Feeling exasperated at the political climate and unsafe to participate in rallies like a used to, I’m grateful for the Friday opportunities to bear witness, expressing our support for Black Lives Matter.  And feeling even more alarmed about how all the current challenges that have eclipsed perhaps the most existential threat – climate change – I began reading a book, The Future We Choose – sounds like training for the kindom to me! One of the authors, Christiana Figuerez, was the firebrand dynamo, the UN Executive Secretary for Climate Change when at last the Paris Agreement was accomplished in 2015. The three “mindsets” that the book posits to guide us toward the future we choose are:

  1. Stubborn Optimism
  2. Endless Abundance
  3. Radical Regeneration

Time doesn’t permit me to unpack these right now. Right now I want to share that I skipped ahead to the end of the book: “What You Can Do Now.”

Here are the first two steps of an action plan:

  • Take a deep breath and decide that collectively we can do this, and that you will play your part. You will be a hopeful visionary for humanity through these dark times. From this moment despair ends and tactics begin.

    And now for a tactic:

  • Decide that you will be a part of the politics of the future. You will vote for, campaign for, and support candidates who champion emissions reductions.

I decided that I needed participate in the “politics of the future.” But we can’t go around knocking on doors as I did on many weekends leading up to Obama’s election.
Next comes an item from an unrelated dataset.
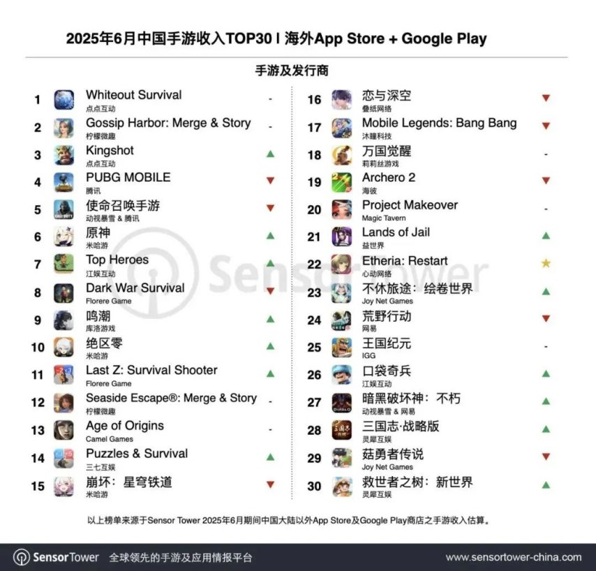 2025年6月,传感器塔数据发布。在中国手机游戏的前30名海外收入清单中,熟悉的名字正在“战斗”,新面孔也在出现。

That was the impetus to recall another lesson from Seekers in kindom building.  Marcia Sprague mentioned writing postcards for Getting Out the Vote, which inspired me to start writing Letters with Vote Forward, and Postcards to Voters. I realized this was one concrete thing I could do during COVID to act on our climate policies and promote change for the kindom.

And while I did not take the class on “Hard Questions,” hearing how it touch others to “do the significant thing” before they pass on to the next world inspired me to write a letter of gratitude to one of my most beloved seminary professors Dr. Larry Rasmussen, now in his 80’s, whose work on environmental ethics continues to inspire and inform my work.  His gracious and generous response of appreciation included his recent writing of letters to his young grandsons as if they were teenagers.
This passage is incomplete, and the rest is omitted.